Columnistas

El miedo y nosotros

‘La gente siempre está dispuesta a ceder sus libertades cuando tiene miedo’ (Jeffrey Tiel).

La Razón (Edición Impresa) / Édgar Arandia Quiroga

09:20 / 11 de noviembre de 2018

Durante el largo proceso histórico de la humanidad, el miedo ha jugado un papel protagónico. Hábitos de conducta fuertemente arraigados en algunas culturas han cambiado; ideologías enteras se han visto modificadas por el pavor de los ciudadanos. Según algunos estudiosos del tema, desde la perspectiva de fenómeno social, el miedo puede tomar forma a partir de las maneras en que percibimos el mundo. El miedo a la muerte y al olvido funcionan como catalizadores de comportamientos sociales extremos. Así, la conmemoración a las almas errantes o muertos olvidados, conocido como el día de la ñatitas (cráneos humanos), que se conmemora el 8 noviembre, cobró un nuevo impulso después de la masacre del 1 de noviembre de 1979.

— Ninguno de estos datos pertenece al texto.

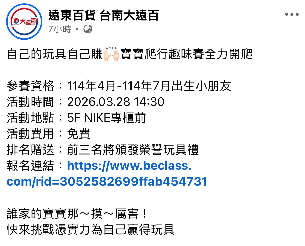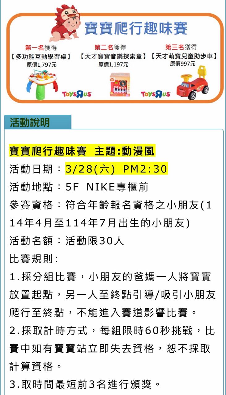 [活動] 大遠百 寶寶爬行比賽

Los cientos de muertos, muchos de ellos anónimos, fueron como un detonante para vivificar una ancestral práctica que se la cultivaba para solicitar fecundidad a la Pachamama a través del restablecimiento del jacha ajayu o el alma mundo. El miedo a las sequías y nuestro instinto de sobrevivencia nos hicieron concebir lazos íntimos entre la tierra fecunda y los muertos como semilla, sin que nadie falte al convite de la vida que se regenera. Bolivia todavía en pleno siglo XXI sigue siendo un mundo encantado, en el que no se han perdido las relaciones míticas con los seres sobrenaturales.

Todas las civilizaciones son producto de una larga lucha contra el temor, una estrategia de supervivencia normal en nuestro milenario proceso de adaptación al medio que se expresa cuando nos enfrentamos a situaciones desconocidas, ante objetos, personas y cosas que suponen una amenaza, como las sequías, las inundaciones o terremotos imprevisibles. El miedo es una reacción emocional ante un peligro definido como una tendencia escapar, o alternativamente a inhibirse cuando se acentúa la amenaza.

Según Donald Hedd, el miedo se originaria por una desorganización de estructuras temporales y espaciales neurofisiológicas, debido a cambios súbitos e inesperados de los estímulos, la ausencia de estímulos apropiados o el exceso de estímulos; en tanto que el equilibrio se restablecería mediante la fuga o huida. Hedd clasifica los miedos en i) causados por conflictos —amenaza y daño— (vg. dolor, observación de cadáveres, personas y animales extraños); ii) miedo al déficit sensorial (vg. falta de soporte, oscuridad y soledad); iii) por trastornos sicosomáticos y factores constitucionales.

El miedo genera tensión en nosotros cuando se activan las señales de alarma, el ritmo cardiaco se acelera, aumenta la sudoración, aumenta la presión arterial y ante una amenaza inminente de tortura o dolor intenso desconocido. La muestra más dramática de estos efectos fisiológicos es la imposibilidad de contener la orina.

Sumada a todos estos factores, la inseguridad en las urbes produce el miedo colectivo y moviliza a la ciudadanía. El pavor colectivo hace que afloren los mejores sentimientos solidarios del ser humano, y éstos pueden ser canalizados por los medios de comunicación y manipulados por grupos de poder y gobiernos a través de la táctica publicitaria. Cuando ya estamos sumergidos en un año preelectoral, los estrategas del marketing político apelarán a estos conocimientos para incidir en la conciencia de los potenciales votantes y favorecer a sus clientes; para eso no existe la ética, todo vale. Generar miedo y desconfianza contra un candidato es la artillería más conocida; sin embargo, a veces sucede lo imprevisto.

Hoy vivimos en una sociedad obsesionada con la seguridad y más temerosa: asaltos, secuestros, robos, locos armados disparando contra multitudes, cámaras en todas partes, casas con perros y alarmas. Toda esta cadena de amenazas induce a perder el horizonte ideológico en una sociedad en ciernes de un acto electoral, y como afirmó hace 16 años atrás Jeffrey Tiel (analista de ética militar): “la gente siempre está dispuesta a ceder sus libertades cuando tiene miedo”. Eso nos suena conocido, y los asesores de marketing político de Jair Bolsonaro en Brasil lo sabían muy bien.

En nuestro patio boliviano, algunos candidatos copiones ya están apelando a esta fórmula. Entre ellos el exvicepresidente Víctor Hugo Cárdenas, quien emite discursos de pastor evangélico. Para tener un discurso que se desmarque del oficialismo ha desterrado al limbo a la Pachamama y a la corriente katarista de su línea. Pronto saltarán otros haciendo algo parecido, pero habrá que recordarles que Bolivia no es Brasil ni Estados Unidos.